At the completion of the trial, participants were asked to rate their impression of change in strength of the target muscle group on a 15-point scale where −7 indicated “a very great deal worse”, 0 indicates “no change” and +7 indicated “a very great deal better” [25]. For all analyses, the results were transformed onto a 15-point scale where 0 reflected −7 (on the original scale), 7 reflected 0 and 15 reflected +7.

Participants’ perceptions of function

At the completion of the trial, participants were asked to rate their impression of change in their abilities to use the target muscle group for functional activities on a 15-point scale where −7 indicated “a very great deal worse”, 0 indicated “no change” and +7 indicated “a very great deal better” for the target muscle group [25]. The results were transformed onto a 15-point scale for analyses, as above.

Difference between predicted and measured final strength

Prior to the baseline assessment, the treating therapists were asked to predict the likely strength of the target muscle group (on a 13-point manual muscle test) at the end of the 8-week study period. Then, after 8 weeks, a score was derived that reflected the difference between predicted and measured final strength. This difference was used in the analyses and captured any increases or decreases in strength over and above what therapists predicted after taking into account the initial neurological status of the participant and any other factors that therapists deemed important (e.g., willingness to exercise, age, other comorbidities and complications).

Finally, participants from the Treatment Group were asked to rate the burden of the training on an eleven-point scale, where 0 indicated that the training was “not at all burdensome” and 10 indicated that the training was “extremely burdensome”. These data were intended to provide some indication of the burden of the treatment. The burden of treatment was not an outcome measure and these data were only analysed descriptively.

Statistical analysis

The power calculation indicated that a sample size of 120 would give a better than 80% probability of detecting a between-group difference on the primary outcome. This calculation assumed an α of 0.05, a SD of 2 points, a dropout rate of 10%, non-compliance of 10% and correlation between baseline and final strength of 0.6.

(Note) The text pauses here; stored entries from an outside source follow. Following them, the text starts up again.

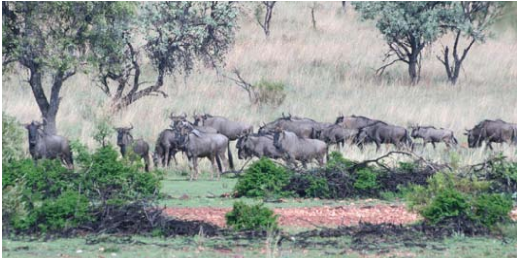
Under jaktene i Eastern Cape er det store sjanser for spennende jakter på black wildebeest (gnu).

titalls hinder. Nå som det snart er tid for kalving, kan både bukker og hinder opptre i separate småflokker.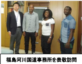
福島河川国道事務所を表敬訪問

粗朶沈床工とは コンクリート護岸が主流の中、細い木を集めて束状にした粗朶が主体の「敷き粗朶」、沈石からなる「沈床工」で構成される河川の根固めや床固めとして採用されてきた伝統工法です。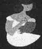
สตรีให้นมบุตร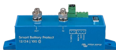
Smart BatteryProtect BP-100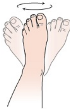
Figura 1. Círculos con los tobillos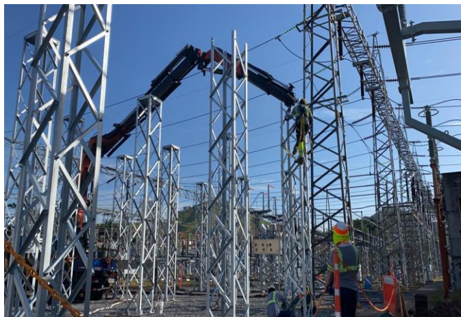
Foto # 1, Montaje de estructuras metálicas en subestación Panamá.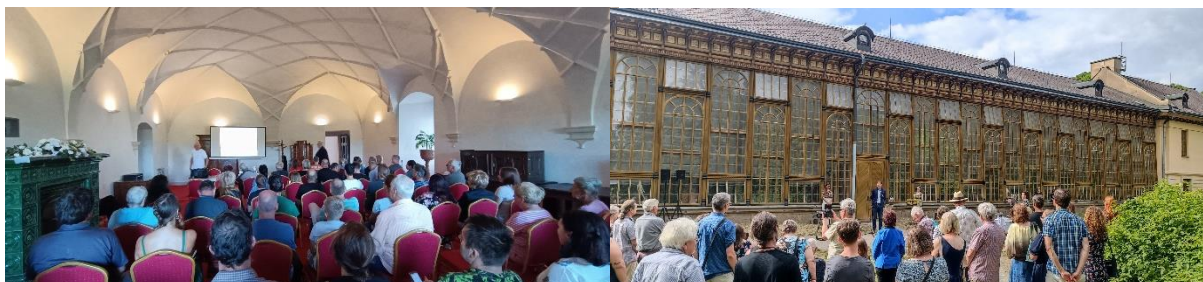
Přednáška v zámecké tabulnici- „Cesta na popraviště – hrdelní právo v Čechách“

Zámecká bývalá kuchyně nabídla několik volně přístupných výstav. Tabulnice se otevřela přednáškám, tanečnímu večeru, který byl závěrem celodenní akce „Letní empírová slavnost“ a svatebním obřadům. Opomenut nezůstal ani palmový skleník v horní části parku, kde se konaly v letních měsících výstavy města Opočna.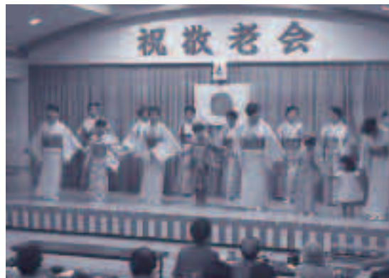
●布施地区敬老会(9/19実施)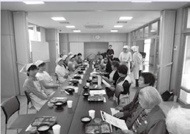
【みんなで試食を行いました】

今回入山津のみなさんにお弁当を提供するのは初めてでしたが、とても喜んでいただき、今後の活動の励みになりました。

All statistical analyses were performed using the principle of “intention to treat”. Linear regression was used for all outcomes including the primary outcome to determine mean between-group differences and 95% CI. These analyses are robust to assumptions of normality with large sample sizes.

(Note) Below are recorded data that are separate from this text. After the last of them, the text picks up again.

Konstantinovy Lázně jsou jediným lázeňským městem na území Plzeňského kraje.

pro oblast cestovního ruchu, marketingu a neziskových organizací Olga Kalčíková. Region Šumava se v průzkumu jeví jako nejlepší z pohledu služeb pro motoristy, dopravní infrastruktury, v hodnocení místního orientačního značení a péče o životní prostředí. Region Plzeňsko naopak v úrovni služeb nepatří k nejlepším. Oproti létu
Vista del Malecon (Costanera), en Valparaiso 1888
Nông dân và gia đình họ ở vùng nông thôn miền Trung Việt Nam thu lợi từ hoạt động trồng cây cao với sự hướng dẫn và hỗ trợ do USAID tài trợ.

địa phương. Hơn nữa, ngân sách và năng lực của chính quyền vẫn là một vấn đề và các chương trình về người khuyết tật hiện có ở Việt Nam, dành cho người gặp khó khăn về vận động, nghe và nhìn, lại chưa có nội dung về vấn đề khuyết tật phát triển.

Two additional analyses were run just on the primary outcome (because of its short ordinal and skewed nature) to check the robustness of our primary results. One was the centile routine in Stata (v15; Statacorp, TX, USA [26]). This was used to derive 95% CIs for median between-group differences. This makes no assumption about the normality of distribution and is based on the generalised Hodges–Lehmann median differences function. The second additional analysis on the primary outcome was an ordinal logistical regression (also known as a proportional odds or cumulative odds model) with initial strength and site of recruitment entered into the model as co-variates (using the ologit command of Stata) [27]. This calculates an averaged odds ratio (with 95% CI) and is reflective of the odds of attaining a higher score in the Treatment Group compared with the Control Group. The averaged odds ratio is derived from 10 different possible odds ratios for the data, which are the odds of attaining a strength score at 8 weeks of 2 points (the lowest score attained by participants at 8 weeks) versus 3 to 13 points, 2 or 3 points versus 4 to 13 points, 2 to 4 points versus 5 to 13 points, etc. Prior to using this approach, a likelihood-ratio test was used to ensure that data did not violate the proportional odds assumption (using the omdel command of STATA).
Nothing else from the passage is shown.